WESTERN Australia's Fair Employment Advocate, Helen Creed, has given a stark warning to employers who exploit young workers.
"Those that are out there who don't do the right thing, they will be brought to task," she said.
Ms Creed's recently released discussion paper, 'Vulnerable Workers: Young People', has found that many young and first-time workers were still being treated unfairly in the workplace despite record low unemployment rates in WA.
Ms Creed told WA Business News she could not explain how employers were "getting away with it" in a time of labour shortages.
"I guess young workers are so excited about their first job that their enthusiasm can blind them to the possibility of exploitation," she said.

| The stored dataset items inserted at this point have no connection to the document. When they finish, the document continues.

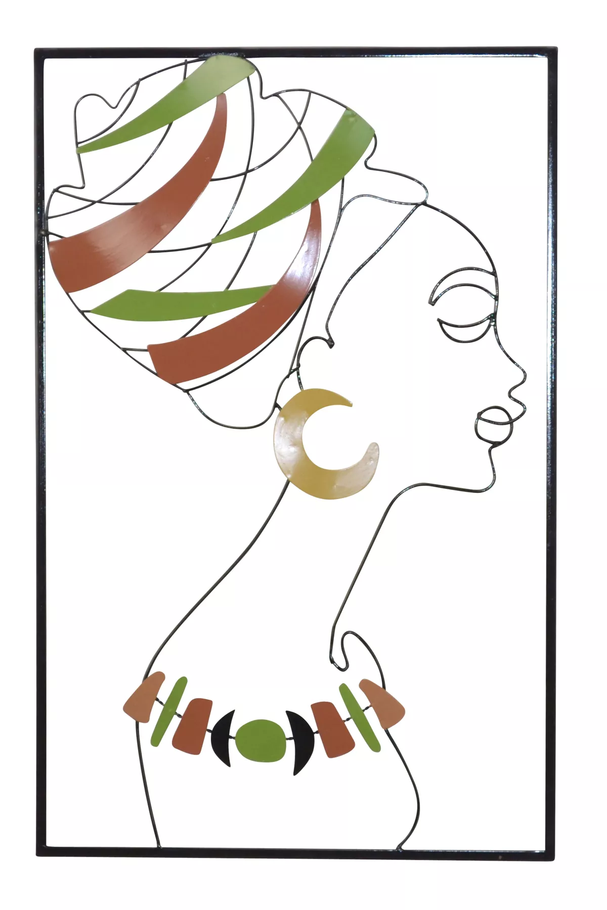Diese Wanddekoration aus Metall verleiht jedem Raum eine außergewöhnliche Note. Das kunstvolle Motiv einer afrikanischen Frau ist in einem schwarzen Metallrahmen eingefasst und begeistert durch seine filigrane Linienführung und harmonischen Farbakzente in Braun, Grün und Beige.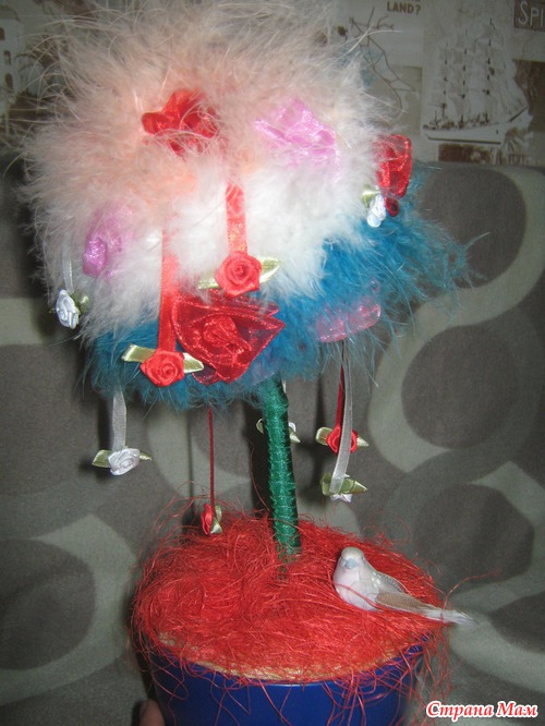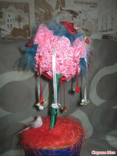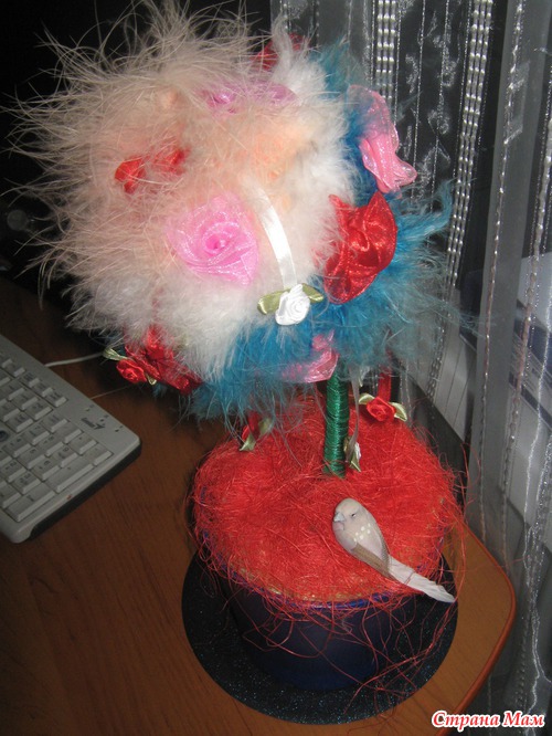 Девочки, всем привет! Получила я сегодня посылку от Наташи (Аташа мама) за норку хомяка, которую организовывала Марина. Пусть лучше поздно, но зато она у меня, а выбирала я у нее топиарий из атласных лент, не буду вас томить, показываю сие чудо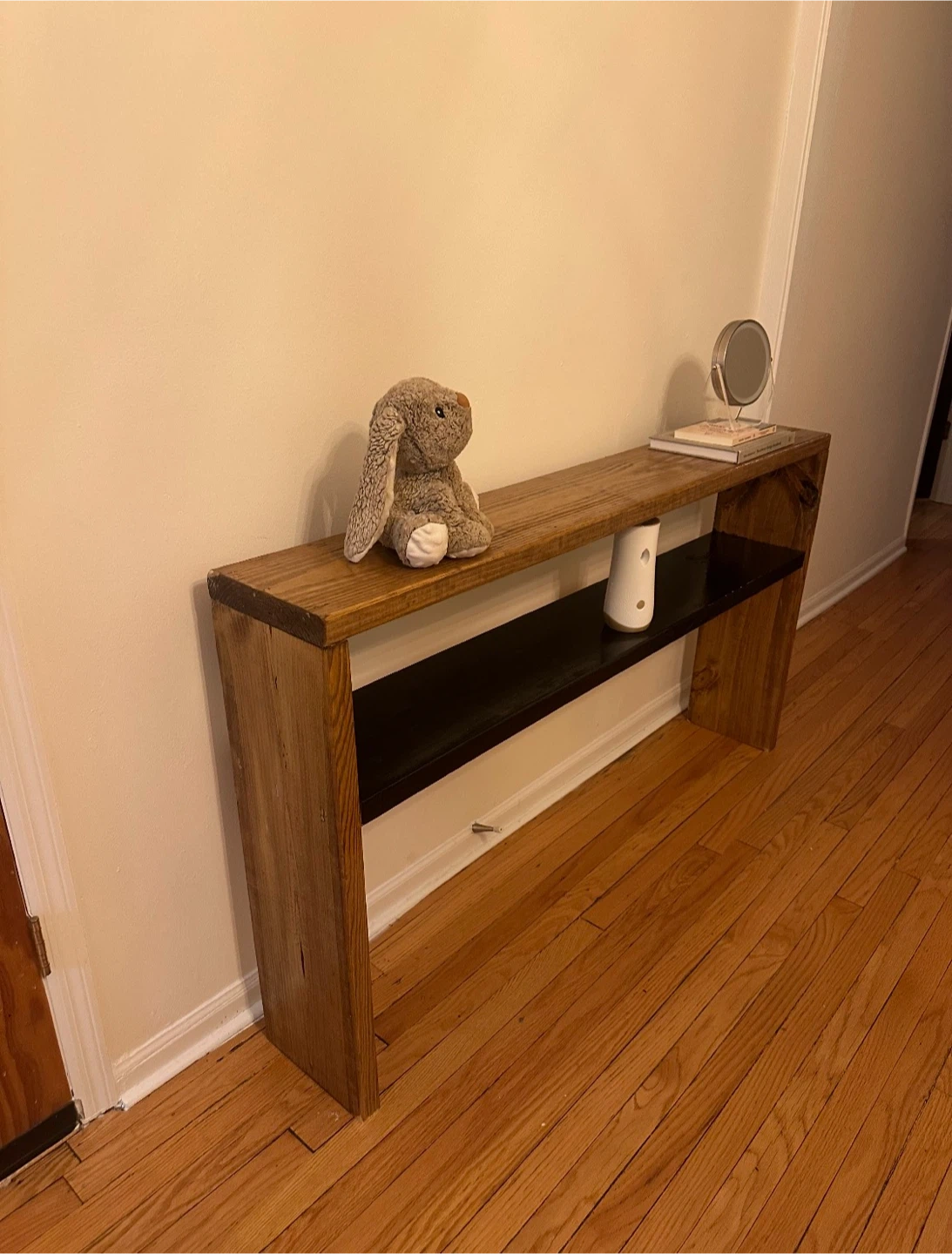 A handcrafted console table that pairs warm wood tones with a matte-black structural element. Designed in a minimal, clean-lined silhouette, it brings grounded simplicity and contemporary presence to entryways and living spaces.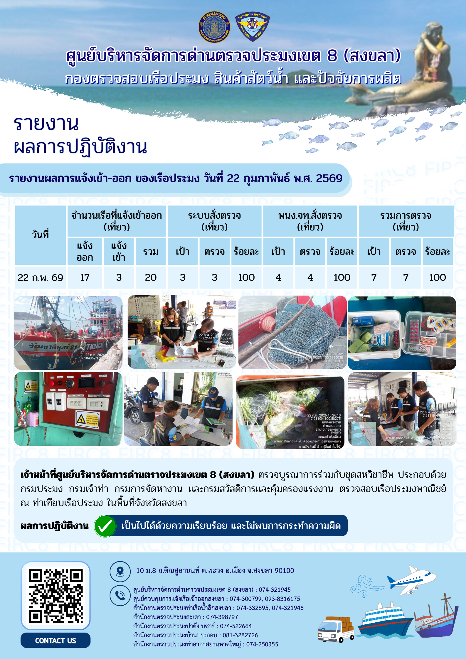 ผลการปฏิบัติงานศูนย์บริหารจัดการด่านตรวจประมงเขต 8 (สงขลา) ประจำวันที่ 22 กุมภาพันธ์ 2569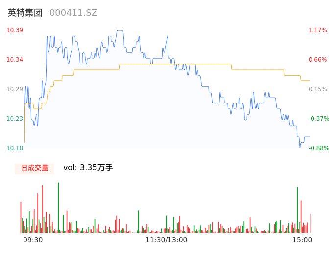 04月18日,英特集团收报10.21,股价涨幅-0.58%,成交金额3518.82万元,换手率1.07%。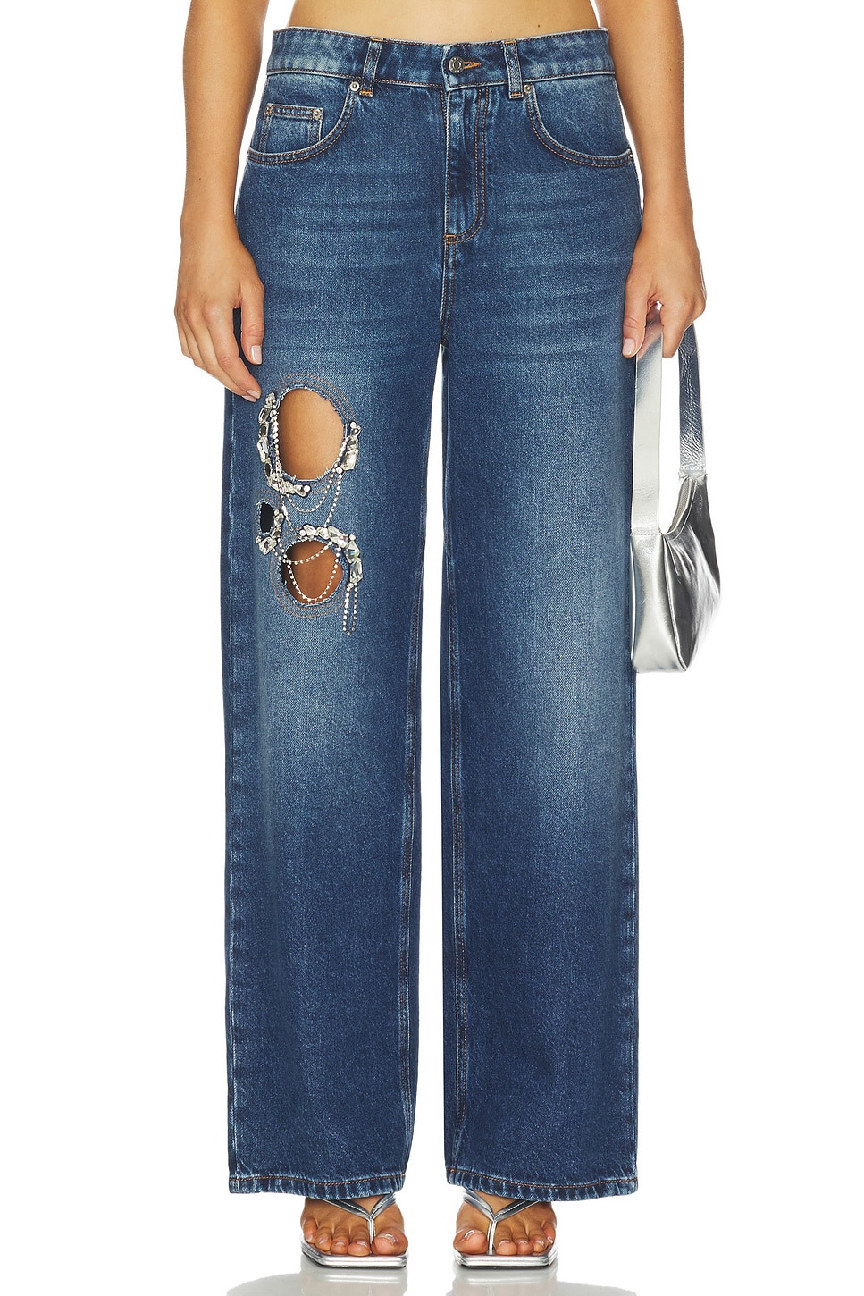 CRYSTAL CHAIN CUTOUT RELAXED JEAN

Ms Creed's report examined the experience of young people as a vulnerable group in the workplace and discussed proposed legislative reforms for WA, many of which will replace those scrapped under the Howard government's Work Choices arrangements.
Reforms being mooted include reinstating young workers' rights to lodge wage and unfair dismissal claims in the WA Industrial Relations Commission, reducing unpaid trial work to only one day a year, requiring employers to keep certain employment records relating to children and ensuring those records were accessible to the employee Ms Creed said employers found to have exploited young people or to have treated them unfairly could no longer use ignorance of the legislation as an excuse.
"The bottom line is employers have an obligation to make sure they understand the legislation, it's as simple as that," she said.
"You don't get away with ignorance at the tax office so employers have to make sure they know and understand all aspects relating to their employees, whether it's correct wages, the number of parking spaces they're required to have, health and safety, whatever, ignorance is no excuse." Ms Creed said many avenues were available for employers to obtain that information, such as the Small Business Development Corporation, Wageline and the Department of Consumer and Employment Protection.